» **Material to process**:
= Beginning of Section =
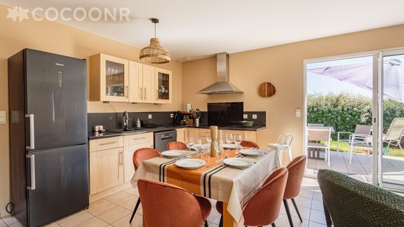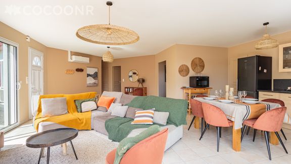 L'agence Cocoonr/Book&Pay vous propose à la location, sur la commune de Saint-Palais, cette charmante maison neuve et climatisée d’une superficie de 93 m² et pouvant accueillir jusqu’à 6 voyageurs. De plain pied, elle se compose d’une jolie pièce à vivre de 35 m², cuisine équipée, de quatre belles chambres, d’une salle d’eau (avec douche italienne) et vous pourrez profiter d’un jardin de plus de 600 m². Wifi inclus, draps et serviettes en option, nous n’attendons plus que vous !
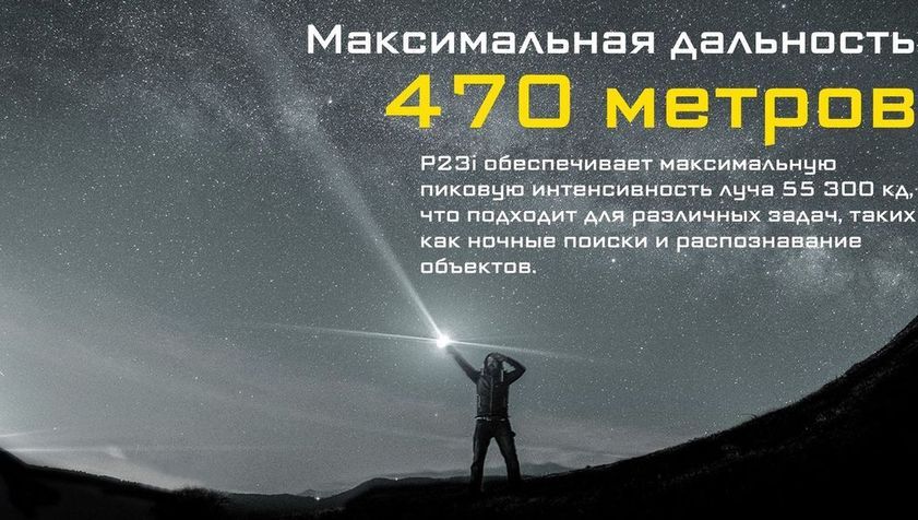 Фонарь обеспечивает максимальную пиковую интенсивность луча 55 300 кд и максимальную дальность 470 метров, что подходит для различных задач, таких как ночные поиски и распознавание объектов.
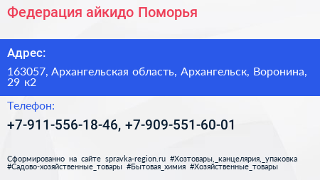 Федерация айкидо Поморья по адресу 163057, Архангельская область, Архангельск, Воронина, 29 к2 в дальнейшем Организация, размещена в следующих категориях:
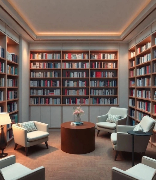 Espaço para leitura, aprendizado e reflexão, com livros voltados à saúde, longevidade e espiritualidade.
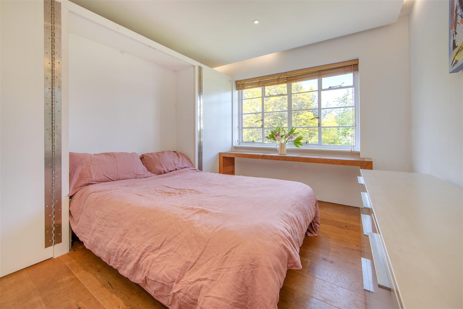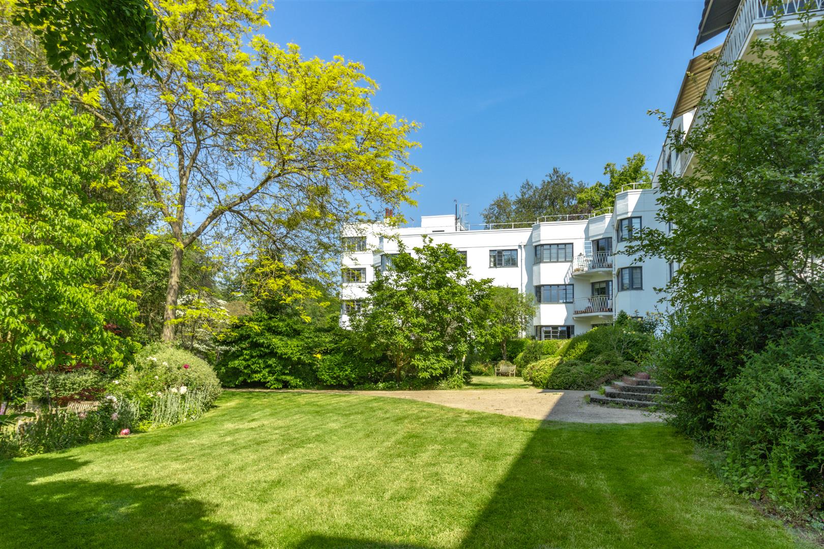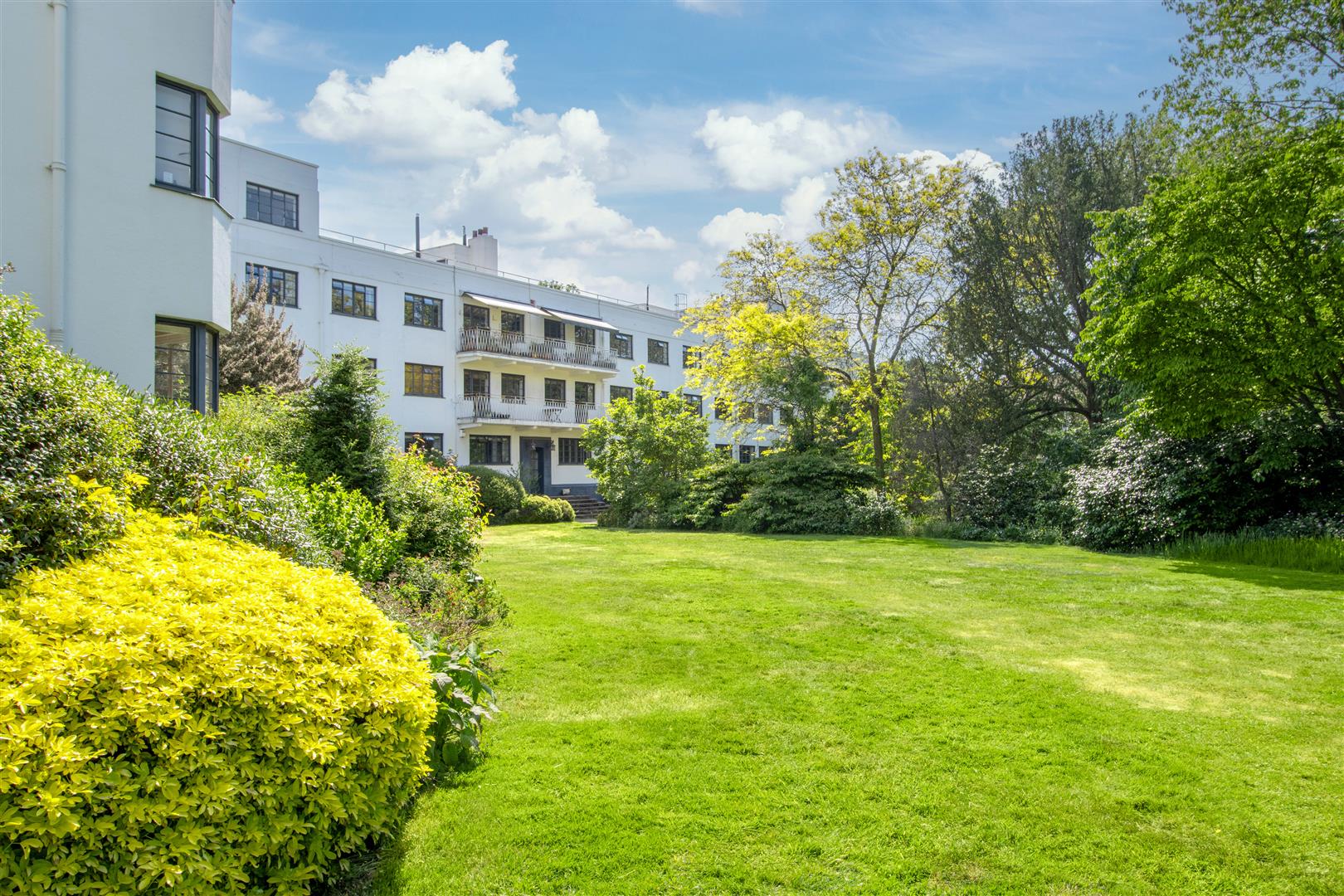 A stylish first floor flat in an attractive Art Deco style purpose built block with West facing balcony and lovely views towards Hampstead Heath. The flat has imaginatively designed flexible accommodation featuring a double reception room that currently is divided to provide a third bedroom. Situated in extensive communal grounds, that are adjacent to Highgate Ponds and Hampstead Heath, the gardens have private squash and tennis courts. Millfield Lane is a turning off Highgate West Hill, close to specialist shops, cafes and eateries in Swains Lane.
= End of Section =
The required answer is an exact, picture-free copy of the lines from the opening of the listing above through the line with "Espaço para leitura, aprendizado".

 L'agence Cocoonr/Book&Pay vous propose à la location, sur la commune de Saint-Palais, cette charmante maison neuve et climatisée d’une superficie de 93 m² et pouvant accueillir jusqu’à 6 voyageurs. De plain pied, elle se compose d’une jolie pièce à vivre de 35 m², cuisine équipée, de quatre belles chambres, d’une salle d’eau (avec douche italienne) et vous pourrez profiter d’un jardin de plus de 600 m². Wifi inclus, draps et serviettes en option, nous n’attendons plus que vous !
 Фонарь обеспечивает максимальную пиковую интенсивность луча 55 300 кд и максимальную дальность 470 метров, что подходит для различных задач, таких как ночные поиски и распознавание объектов.
 Федерация айкидо Поморья по адресу 163057, Архангельская область, Архангельск, Воронина, 29 к2 в дальнейшем Организация, размещена в следующих категориях:
 Espaço para leitura, aprendizado e reflexão, com livros voltados à saúde, longevidade e espiritualidade.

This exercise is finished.